Dogecoin (DOGE/USD) sellers refuse to give up, as the bearish momentum extends into the fifth consecutive day on Saturday.
DOGE price is looking to break its 11-day range play to the downside, as the investor interest in the canine-inspired coin keeps diminishing.
The sluggish price action could likely be associated with an absence of tweets from Elon Musk, Tesla Inc’s founder and an endorser of Dogecoin.
In other news, Dogecoin, the meme-based coin, was chosen as the unit of account between SpaceX and GEC, giving Doge a claim on the first unit of space commerce, although, it is not the only space currency.
DOGE/USD: Testing key support as technical setup favors the bears
Dogecoin’s daily-hour chart shows that the price remains confined within a narrow range, with the horizontal 21-Daily Moving Average (DMA) at $0.3380 limiting the bulls.
Meanwhile, the upward-sloping 100-DMA at $0.2687 guards the downside.
However, with the Relative Strength Index (RSI) pointing south below the central line, currently at 40.07, the abovementioned key support appears at risk.

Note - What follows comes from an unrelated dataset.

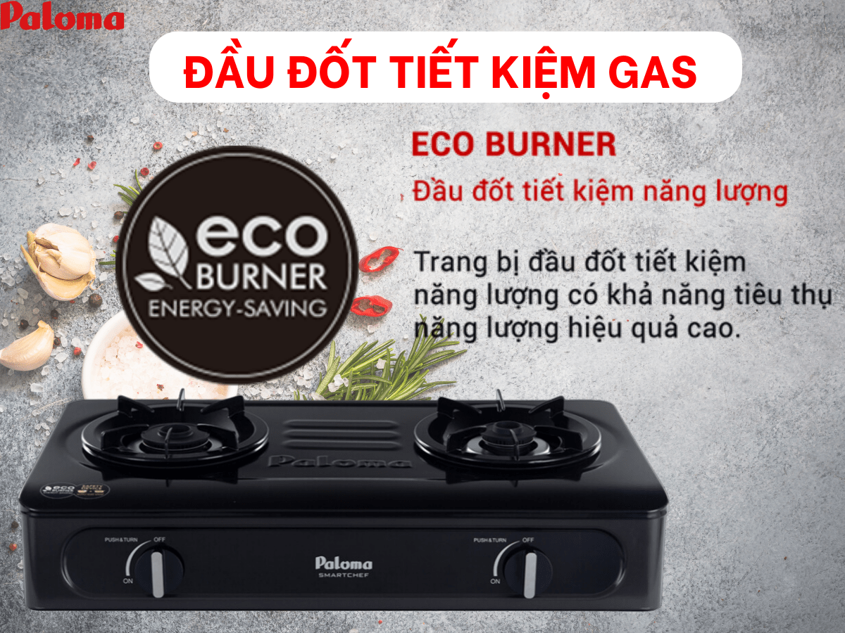 Bếp gas Paloma PA-V71EB sử dụng loại đầu đốt Eco 600 bằng đồng siêu bền. Thiết kế các rãnh nhỏ xung quanh đầu đốt giúp nhiệt lượng được phân bổ đều khắp đáy nồi, giúp món ăn nhanh chín và đặc biệt là tạo ngọn lửa xanh không làm đen đáy nồi. Đầu đốt này có thể tiết kiệm đến 10% lượng gas tiêu thụ và 20% thời gian nấu nướng, giúp người dùng tiết kiệm được nhiều chi phí nhiên liệu cũng như thời gian cho việc bếp núc.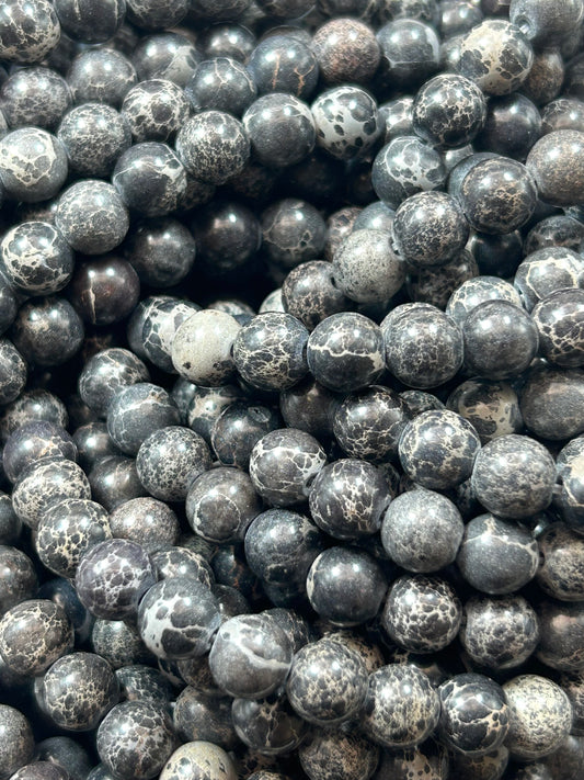 Natural Sea Sediment Jasper Gemstone Bead 6mm 8mm Round Beads Beautiful Black with hits of Brown Color Imperial Jasper Beads Full Strand15.5

A daily closing below that cap could fuel a sharp drop towards the May 19 flash crash low of $0.1950.
Should the selling pressure intensify the ascending 200-DMA line of defense at $0.1475 could come to the rescue of the DOGE optimists.
DOGE/USD: Daily chart
On the flip side, acceptance above 21-DMA will open the gates towards the horizontal 50-DMA at $0.4020.
The next bullish target is envisioned around $0.4600, June highs.
To conclude, the downside appears more compelling for DOGE price amid bearish RSI and lower highs formed so far this Saturday.